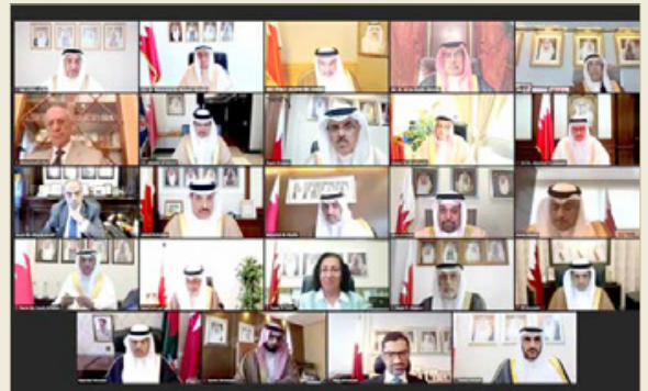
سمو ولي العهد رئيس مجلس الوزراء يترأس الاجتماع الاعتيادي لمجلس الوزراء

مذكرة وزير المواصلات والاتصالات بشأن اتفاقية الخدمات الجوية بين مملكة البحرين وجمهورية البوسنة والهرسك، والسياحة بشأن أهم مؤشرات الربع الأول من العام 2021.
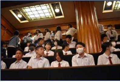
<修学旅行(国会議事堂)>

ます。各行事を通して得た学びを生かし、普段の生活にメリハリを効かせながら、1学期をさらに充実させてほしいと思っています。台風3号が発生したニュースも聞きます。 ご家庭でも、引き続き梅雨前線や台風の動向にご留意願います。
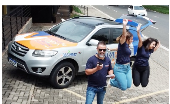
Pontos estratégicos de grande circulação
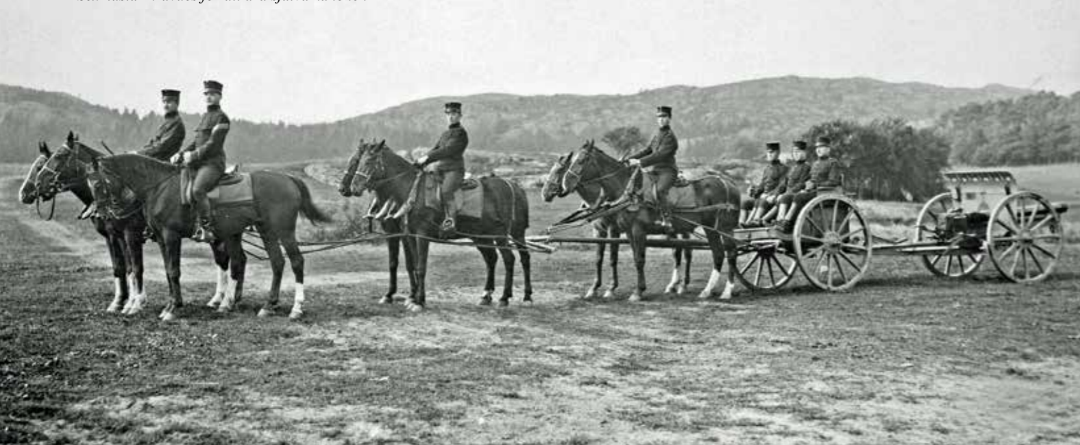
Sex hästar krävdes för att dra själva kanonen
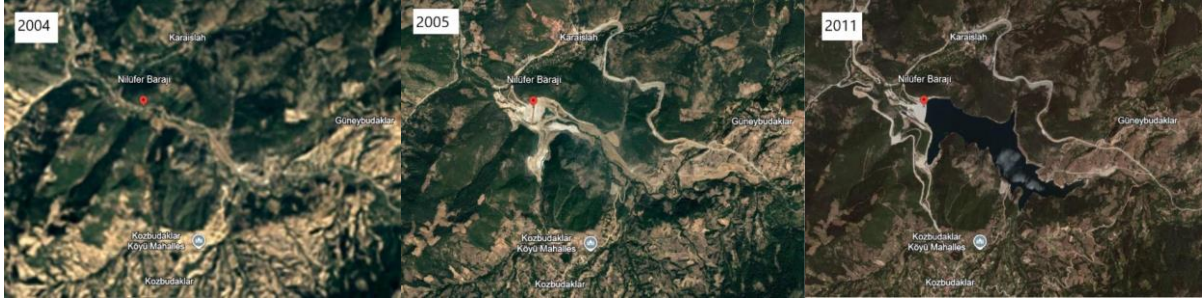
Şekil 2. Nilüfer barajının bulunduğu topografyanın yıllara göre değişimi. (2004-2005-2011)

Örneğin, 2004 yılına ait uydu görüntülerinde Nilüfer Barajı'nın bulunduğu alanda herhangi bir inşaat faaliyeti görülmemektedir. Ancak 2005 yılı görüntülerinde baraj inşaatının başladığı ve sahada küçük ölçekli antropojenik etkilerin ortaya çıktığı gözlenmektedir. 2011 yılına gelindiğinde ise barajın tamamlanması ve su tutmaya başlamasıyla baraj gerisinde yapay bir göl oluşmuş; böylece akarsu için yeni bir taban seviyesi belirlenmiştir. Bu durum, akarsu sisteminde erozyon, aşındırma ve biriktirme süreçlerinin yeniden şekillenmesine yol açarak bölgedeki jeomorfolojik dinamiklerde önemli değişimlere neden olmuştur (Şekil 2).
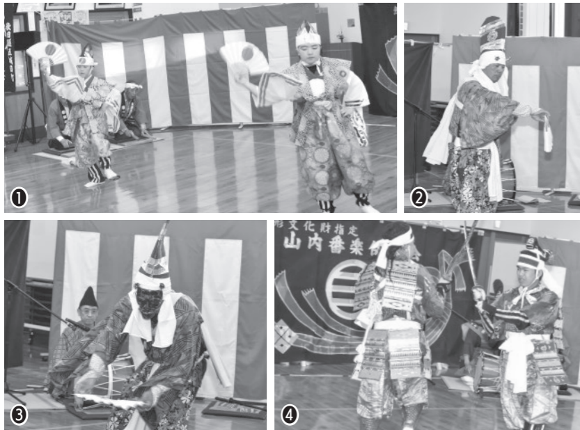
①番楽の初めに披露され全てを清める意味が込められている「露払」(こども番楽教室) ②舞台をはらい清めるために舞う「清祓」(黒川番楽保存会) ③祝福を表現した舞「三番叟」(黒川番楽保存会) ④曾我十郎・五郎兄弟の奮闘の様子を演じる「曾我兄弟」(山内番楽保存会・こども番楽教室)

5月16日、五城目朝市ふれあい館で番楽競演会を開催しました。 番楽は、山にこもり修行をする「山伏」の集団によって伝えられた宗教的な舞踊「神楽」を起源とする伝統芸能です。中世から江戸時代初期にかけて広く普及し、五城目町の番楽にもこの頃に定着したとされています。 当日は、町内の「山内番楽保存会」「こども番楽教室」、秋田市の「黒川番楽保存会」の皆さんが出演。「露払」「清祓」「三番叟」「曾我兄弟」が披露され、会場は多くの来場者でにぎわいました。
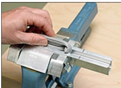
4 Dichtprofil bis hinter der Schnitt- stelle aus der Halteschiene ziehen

......

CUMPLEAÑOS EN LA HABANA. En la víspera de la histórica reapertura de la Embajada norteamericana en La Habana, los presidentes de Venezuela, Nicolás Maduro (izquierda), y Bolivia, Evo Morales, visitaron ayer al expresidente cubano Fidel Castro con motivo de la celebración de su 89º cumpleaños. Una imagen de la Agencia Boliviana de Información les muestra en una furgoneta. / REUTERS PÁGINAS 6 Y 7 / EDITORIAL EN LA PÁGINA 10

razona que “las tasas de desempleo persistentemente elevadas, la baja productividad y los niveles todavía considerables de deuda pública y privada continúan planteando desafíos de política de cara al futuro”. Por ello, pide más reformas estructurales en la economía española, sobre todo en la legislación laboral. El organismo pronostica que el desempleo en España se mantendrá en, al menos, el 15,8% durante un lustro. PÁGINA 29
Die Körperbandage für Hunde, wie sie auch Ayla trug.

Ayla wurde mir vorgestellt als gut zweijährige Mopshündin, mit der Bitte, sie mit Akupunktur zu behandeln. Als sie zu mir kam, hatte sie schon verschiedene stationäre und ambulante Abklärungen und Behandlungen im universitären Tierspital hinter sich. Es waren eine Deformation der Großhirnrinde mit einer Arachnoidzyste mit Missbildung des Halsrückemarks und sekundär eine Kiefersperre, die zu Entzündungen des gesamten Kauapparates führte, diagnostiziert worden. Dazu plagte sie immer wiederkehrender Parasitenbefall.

......

*What the exercise asks:*
All that belongs in your answer is the stretch of entries above from the line with "CUMPLEAÑOS EN LA" through the line with "Die Körperbandage für", printed exactly.

*Answer box:*
CUMPLEAÑOS EN LA HABANA. En la víspera de la histórica reapertura de la Embajada norteamericana en La Habana, los presidentes de Venezuela, Nicolás Maduro (izquierda), y Bolivia, Evo Morales, visitaron ayer al expresidente cubano Fidel Castro con motivo de la celebración de su 89º cumpleaños. Una imagen de la Agencia Boliviana de Información les muestra en una furgoneta. / REUTERS PÁGINAS 6 Y 7 / EDITORIAL EN LA PÁGINA 10

razona que “las tasas de desempleo persistentemente elevadas, la baja productividad y los niveles todavía considerables de deuda pública y privada continúan planteando desafíos de política de cara al futuro”. Por ello, pide más reformas estructurales en la economía española, sobre todo en la legislación laboral. El organismo pronostica que el desempleo en España se mantendrá en, al menos, el 15,8% durante un lustro. PÁGINA 29
Die Körperbandage für Hunde, wie sie auch Ayla trug.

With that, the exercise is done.